Looked at this way "3.0 (quilt)" is mixed - it has some additional
representational capabilities, but reduced fidelity.

>  I also note that it is possible to choose a different conversion
> mechanism than dpkg-source -b between working tree and .dsc that
> does not incur your reported pollution. In particular, you do have
> experience in implementing such conversions as is evidenced in dgit
> and such conversions do exist.

Um.  The conversions done by dgit exist to *keep the pollution up to
date*.  And they are really quite inconvenient.  dgit must make
commits on your branch, or maintain multiple branches.  There is a
substantial amount of code there, dealing with a large variety of
different situations.

> Your request also touches the question of the preferred form for
> modification. That used to be the .dsc, but for the way you use the
> archive, it merely is an export for a preferred form for modification
> that resides elsewhere. I do not think we have consensus for this view
> either.

In practice, the vast majority of packages are maintained in git on
salsa.  The maintainers use those git repositories as the PFM.
The git repositories contain much information which is not in the
source packages (generated by gbp or dgit on maintainers' machines),
and, depending on the package, that information is sometimes critical.
IOW that ship has sailed.

My programme of properly supporting git in Debian is trying to sort
out this situation, by providing a discoverable, coherent, and
reliable git view of every package.  Unfortunately that is blocked
due to unfounded "security concerns".

I note that "3.0 (quilt)" with single-debian-patch exists and is fully
supported.  No-one appears to be trying to get rid of it.
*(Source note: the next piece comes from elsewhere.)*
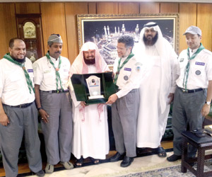 وأشار خلال استقباله أمس لعدد من قيادات الكشافة بمكة المكرمة المشاركين في مركز رسل السلام الكشفي الرمضاني إلى أن الرئاسة ترحب في المشاركة بتوجيه الشيوخ لإلقاء المحاضرات الدينية والتي تعمق مفهوم الخدمة والأخلاق الحميدة للشاب المسلم والأجر العظيم لمثل هذه الأعمال الجليلة وأهمية الظهور بالمظهر اللائق لأبناء المملكة أمام الزوار ونقل الصورة المثلى للعالم أجمع. واستمع الدكتور السديس للدور الذي تقدمه كشافة وزارة التربية والتعليم من أعمال تخدم البلد والمجتمع على المستوى مناطق ومحافظات المملكة واهتمامها بالبرامج التي تقدم في الحرمين الشريفين.

> I also caution that whenever we perform a fundamental change, some
> things that used to work well, stop working well. Many improvements
> regress on other aspects that are deemed niche features. I think it is
> fair to say that use of 1.0 packaging formats is a niche at this point.
> Consistency has value, but it comes with a price of making some niche
> features impossible. We are discussing a trade-off between consistency
> and niche features here.

Mandating *more* use of patches-and-tarballs is a step backwards.

The .dsc source format (which I first invented in 1992 is now
obsolete).  We must maintain it for compatibility for a very long
time, but almost everyone is already treating git as primary.
But our git setups are not official, not coherently discoverable or


Ian Jackson <ijackson@chiark.greenend.org.uk>   These opinions are my own.  

Pronouns: they/he.  If I emailed you from @fyvzl.net or @evade.org.uk,
that is a private address which bypasses my fierce spamfilter.